The newswires went abuzz this week after Apple CEO Tim Cook told CNBC’s Jim Cramer that his company plans to launch a $1 billion fund to accelerate advanced manufacturing jobs across the United States.
Cook’s timing was prescient, considering how quickly companies have promised to either keep manufacturing operations stateside or pad the number of American jobs already on the books. The decline in manufacturing jobs in part led to Donald Trump’s surprise victory over Hillary Clinton last November.
And the enthusiasm for a resurgence in manufacturing is obvious when considering how well these jobs pay. According to the latest numbers released by the U.S. Bureau of Labor Statistics (BLS), manufacturing jobs, when available, can lead to a decent middle-income lifestyle with the average wage well over $26 an hour. Mining and logging pay even higher with hourly wages surpassing $32. Contrast those figures with retail jobs, which pay an average of $18 an hour; jobs in the leisure and hospitality services lag far behind, paying an average hourly wage of $15.33.

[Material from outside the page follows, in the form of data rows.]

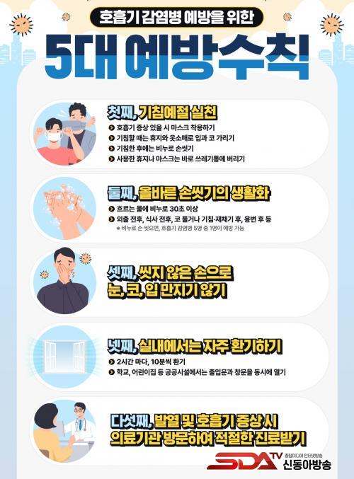 ¿¹¹æ¼öÄ¢À¸·Î´Â ºñ´©¸¦ Ȱ¿ëÇÑ ¿Ã¹Ù¸¥ ¼Õ ¾Ä±â, ±âħ ¿¹Àý Áö۱â, ÀÇ½É Áõ»ó ½Ã ¸¶½ºÅ© Âø¿ë µî ±âº»ÀûÀÎ ¼öÄ¢ ½ÇõÀÌ Áß¿äÇÏ´Ù. ¶ÇÇÑ, ¹ß¿¤ý¹ßÁø¤ýħ»ù ºÎ±â µîÀÇ Áõ»óÀÌ ÀÖÀ¸¸é ÀÇ·á±â°üÀ» Áï½Ã ¹æ¹®Çؼ Áø·á¹Þ¾Æ¾ß Çϸç, Àü¿° °¡´É¼ºÀÌ ÀÖ´Â ±â°£¿¡´Â µî¿ø¤ýµî±³ µî ´ÜüȰµ¿À» ÀÚÁ¦ÇØ¾ß ÇÑ´Ù.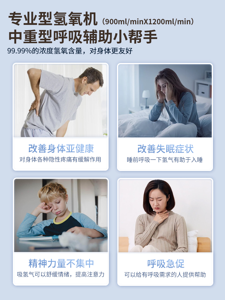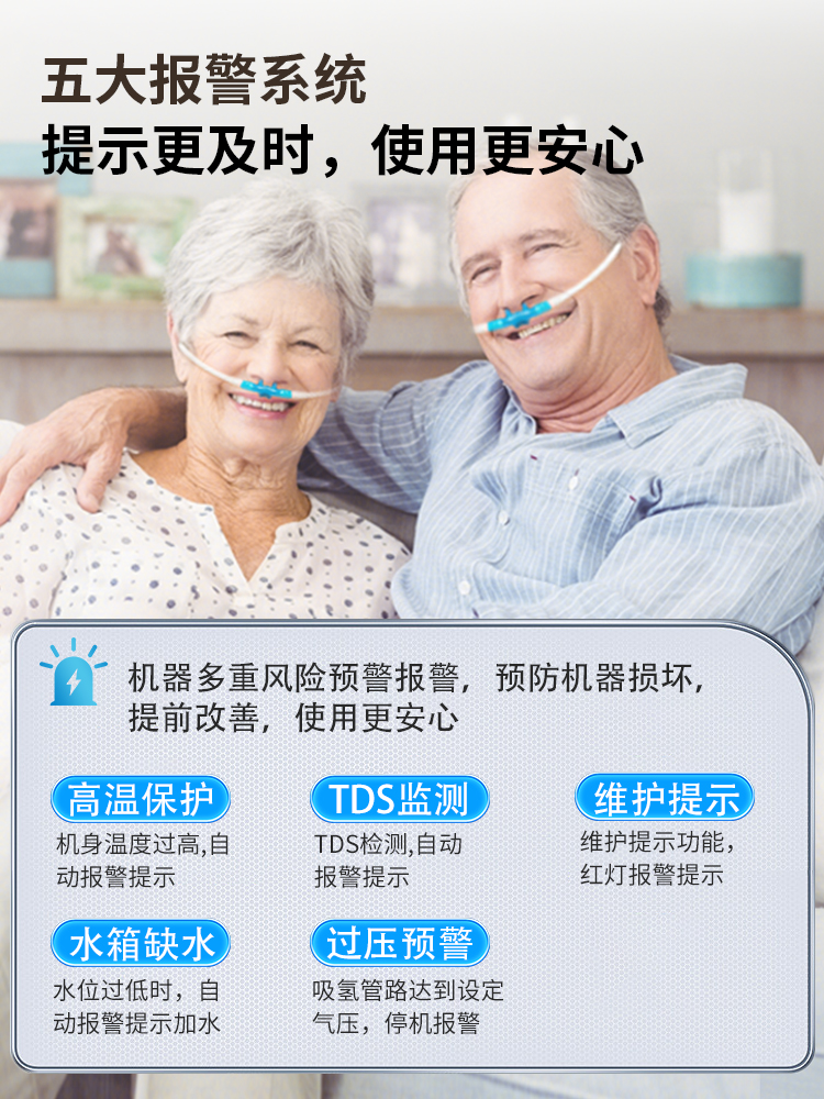 1. 99.99% high hydrogen concentration, enjoy pure gas. 2. Gas production rate: VST-XH5-1350: gas production rate 1350ml/min. 3. Gas production rate: VST-XH5-1800: gas production rate 1800ml/min. 4. Hydrogen and oxygen outlets are separately designed, can inhale hydrogen/can inhale oxygen/can inhale both hydrogen and oxygen. 5. The product screen uses a marquee design, standby screen off to save power and be quieter. 6. It uses a PEM pure water electrolysis cell and a dedicated SPE ion membrane from American Vishilton, with precious metal iridium oxide. 7. Five major alarm prompts: high temperature protection/water tank water shortage/TDS monitoring/maintenance reminder. 8. Multi-purpose machine, can be used for inhaling hydrogen, inhaling oxygen, bathing, soaking feet, washing face, and washing hair.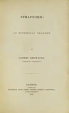 Strafford is an 1837 tragedy by the British writer Robert Browning.[1] It portrays the downfall and execution of Lord Strafford, the advisor to Charles I shortly before the English Civil War.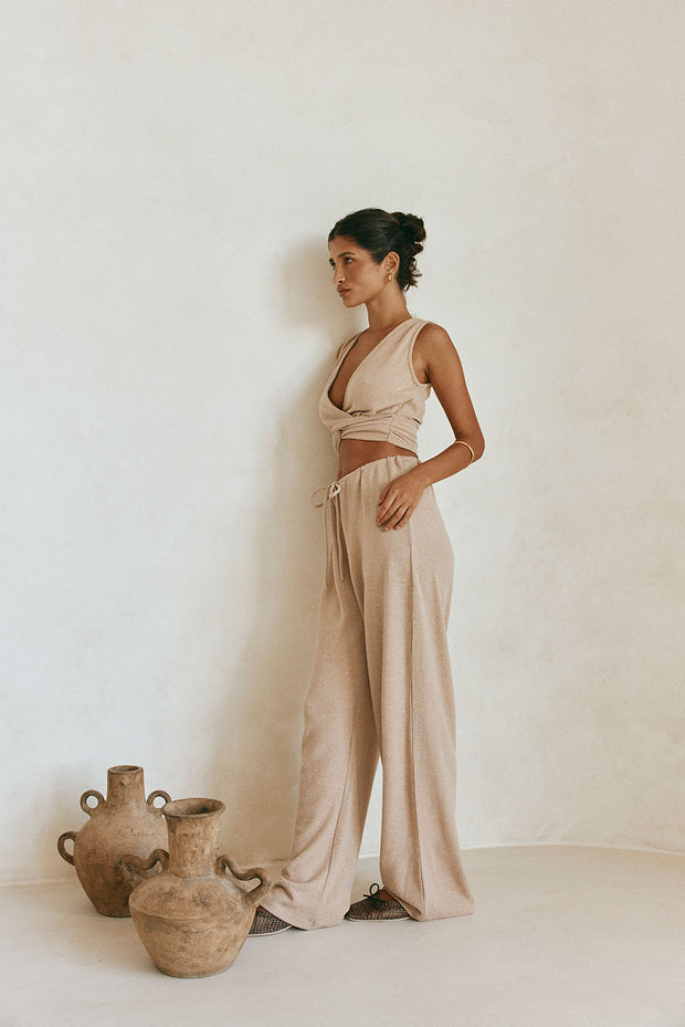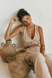 Wear it as a set or pair it back with denim! TheΒ Sierra Top is made from a soft woven fabric in a tan hue. It features a plunging cross-over V neckline, cropped hem and cutout and linked panel detail at waist. Get the set with the Sierra Pants! Designed exclusively by Sabo.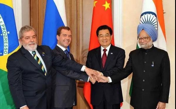 2009年6月16日 中国、巴西、俄罗斯、印度“金砖四国”领导人在俄罗斯叶卡捷琳堡举行首次正式会晤,胡锦涛对四国合作提出增强政治互信、深化经济合作、推进人文交流、提倡经验互鉴等四点建议。

Cook was cagey on details. He said the company’s decision was in no way was influenced by the president. Furthermore, this is also not a promise to hire more American employees, but instead a commitment to help boost the American manufacturing sector’s potential in the coming years.
Cook also said Apple is ready to invest in another company in order to pursue this agenda, though he declined to name any specific firm. More details will reportedly be announced later this month.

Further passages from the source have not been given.